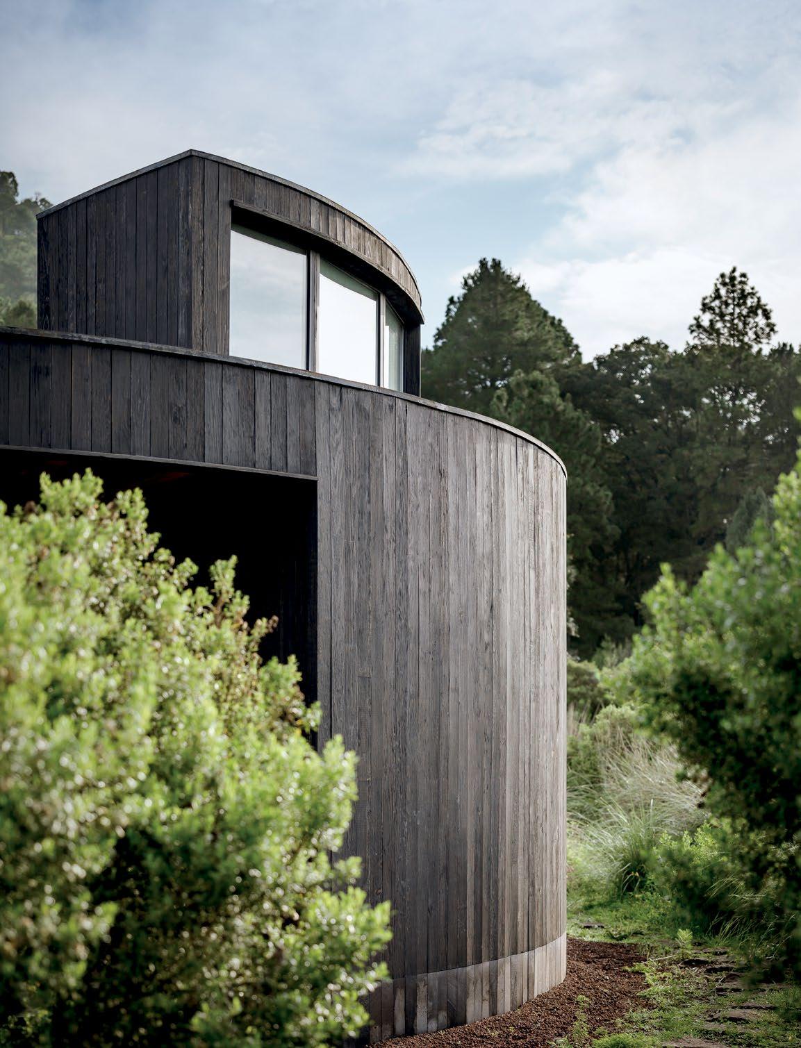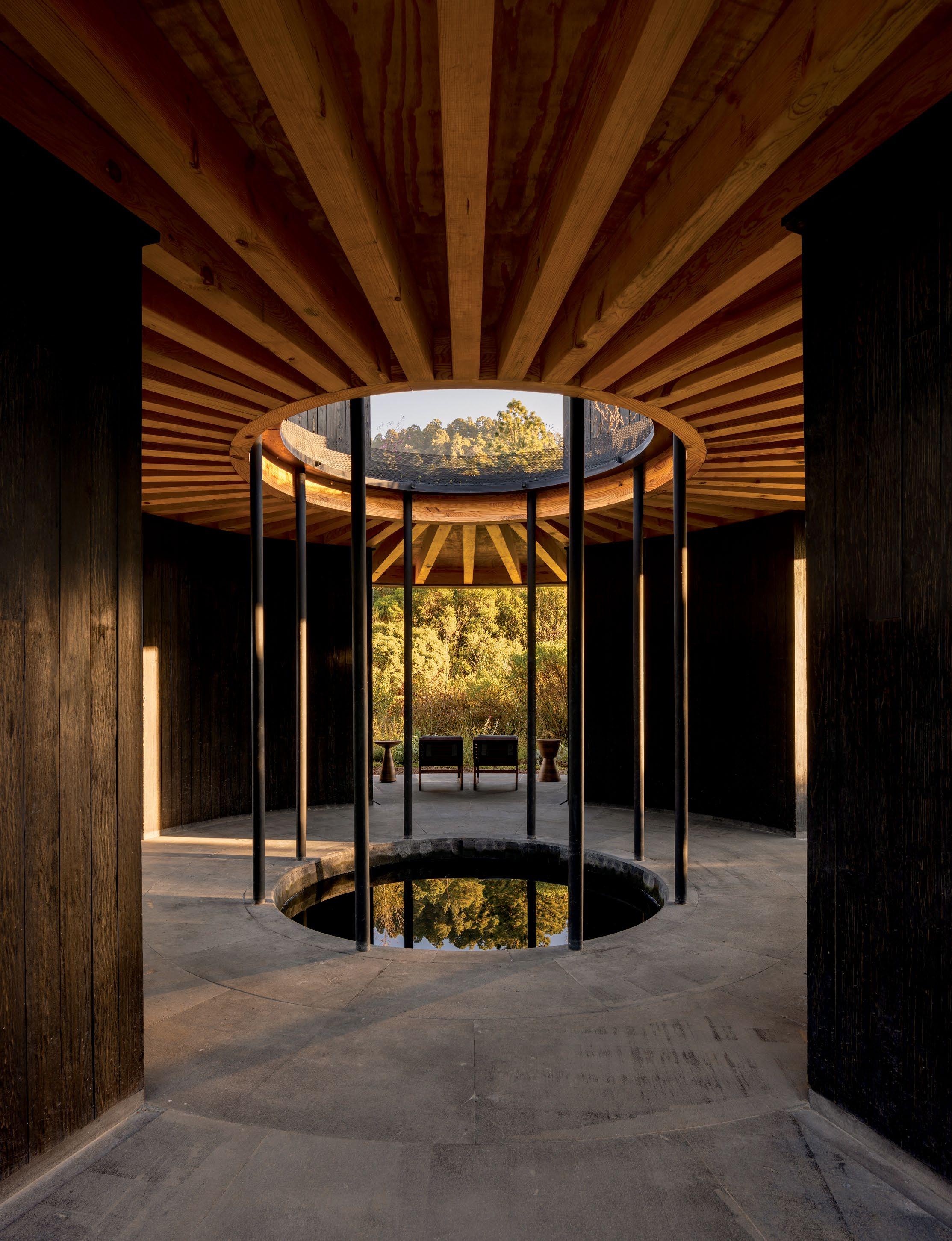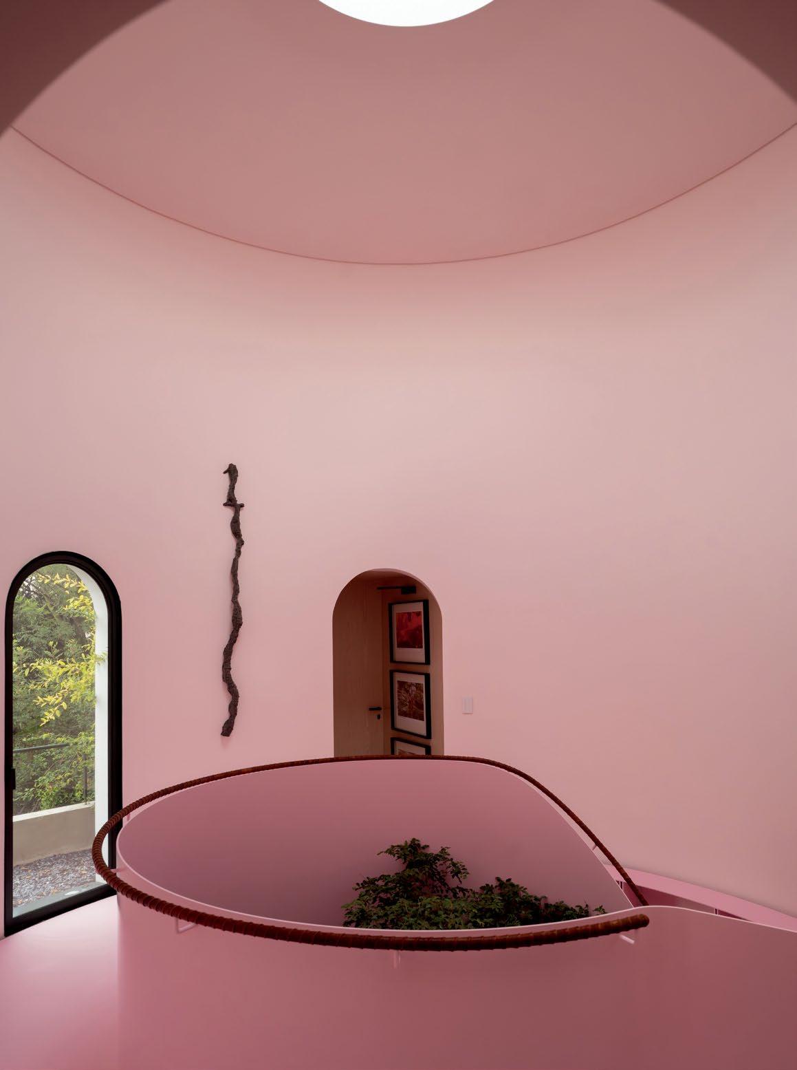 The spatial layout is both simple and profound. One “day” space unites living room, dining area, and kitchen around a suspended sculptural table that functions as workstation, kitchen counter, and dining table. A tunnel lined with ship skylights leads to the “night” space, where the circular bedroom opens to the garden and embraces its inhabitants with curved walls and a C-shaped bed. Ornamentation is minimal; windows frame the landscape, and built-in furniture doubles as sculpture. “The idea was not to fill it with souvenirs or objects—the house itself had to be the artwork,” Senosiain explains.
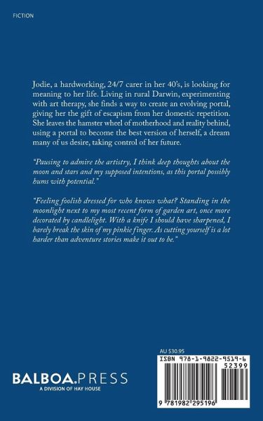 Jodie, a hardworking, 24/7 carer in her 40's, is looking for meaning to her life. Living in rural Darwin, experimenting with art therapy, she finds a way to create an evolving portal, giving her the gift of escapism from her domestic repetition. She leaves the hamster wheel of motherhood and reality behind, using a portal to become the best version of herself, a dream many of us desire, taking control of her future. "Pausing to admire the artistry, I think deep thoughts about the moon and stars and my supposed intentions, as this portal possibly hums with potential." "Feeling foolish dressed for who knows what? Standing in the moonlight next to my most recent form of garden art, once more decorated by candlelight. With a knife I should have sharpened, I barely break the skin of my pinkie finger. As cutting yourself is a lot harder than adventure stories make it out to be."
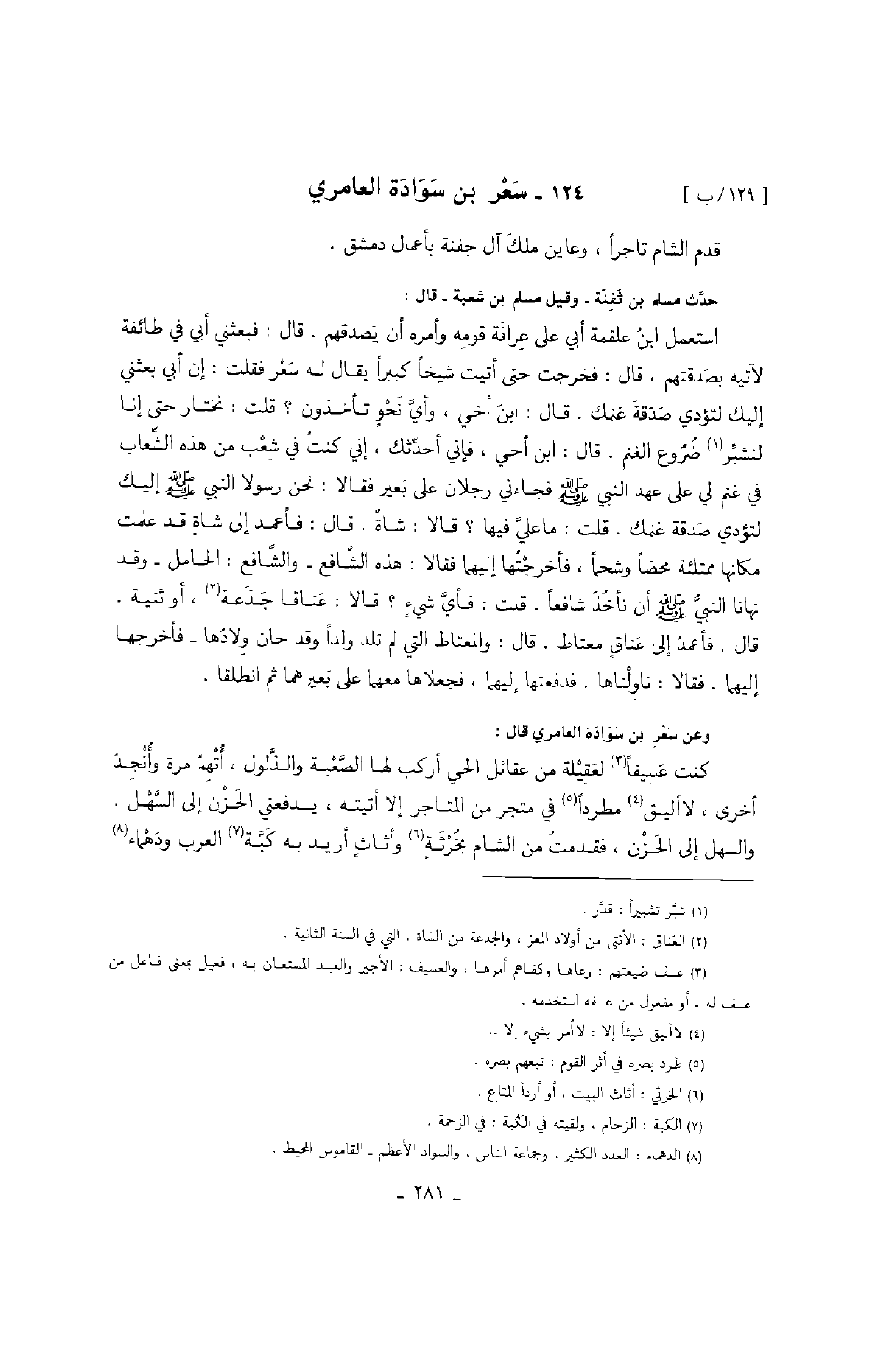 وعن سعر بن سوادة العامري قال: كنت عسيفاً لعقيلة من عقائل الحي أركب لها الصعبة والذلول، أتهم مرة وأنجد أخرى، لا أليق مطرداً في متجر من المتاجر إلا أتيته، يدفعني الحزن إلى السهل. والسهل إلى الحزن، فقدمت من الشام بخرثةٍ وأثاثٍ أريد به كبة العرب ودهماء
☆ ☆ ☆ ☆ ☆ ☆ ☆
Aim of the task:
Without any pictures, print the whole listing again exactly as it stands.

Task answer:
 The spatial layout is both simple and profound. One “day” space unites living room, dining area, and kitchen around a suspended sculptural table that functions as workstation, kitchen counter, and dining table. A tunnel lined with ship skylights leads to the “night” space, where the circular bedroom opens to the garden and embraces its inhabitants with curved walls and a C-shaped bed. Ornamentation is minimal; windows frame the landscape, and built-in furniture doubles as sculpture. “The idea was not to fill it with souvenirs or objects—the house itself had to be the artwork,” Senosiain explains.
 Jodie, a hardworking, 24/7 carer in her 40's, is looking for meaning to her life. Living in rural Darwin, experimenting with art therapy, she finds a way to create an evolving portal, giving her the gift of escapism from her domestic repetition. She leaves the hamster wheel of motherhood and reality behind, using a portal to become the best version of herself, a dream many of us desire, taking control of her future. "Pausing to admire the artistry, I think deep thoughts about the moon and stars and my supposed intentions, as this portal possibly hums with potential." "Feeling foolish dressed for who knows what? Standing in the moonlight next to my most recent form of garden art, once more decorated by candlelight. With a knife I should have sharpened, I barely break the skin of my pinkie finger. As cutting yourself is a lot harder than adventure stories make it out to be."
 وعن سعر بن سوادة العامري قال: كنت عسيفاً لعقيلة من عقائل الحي أركب لها الصعبة والذلول، أتهم مرة وأنجد أخرى، لا أليق مطرداً في متجر من المتاجر إلا أتيته، يدفعني الحزن إلى السهل. والسهل إلى الحزن، فقدمت من الشام بخرثةٍ وأثاثٍ أريد به كبة العرب ودهماء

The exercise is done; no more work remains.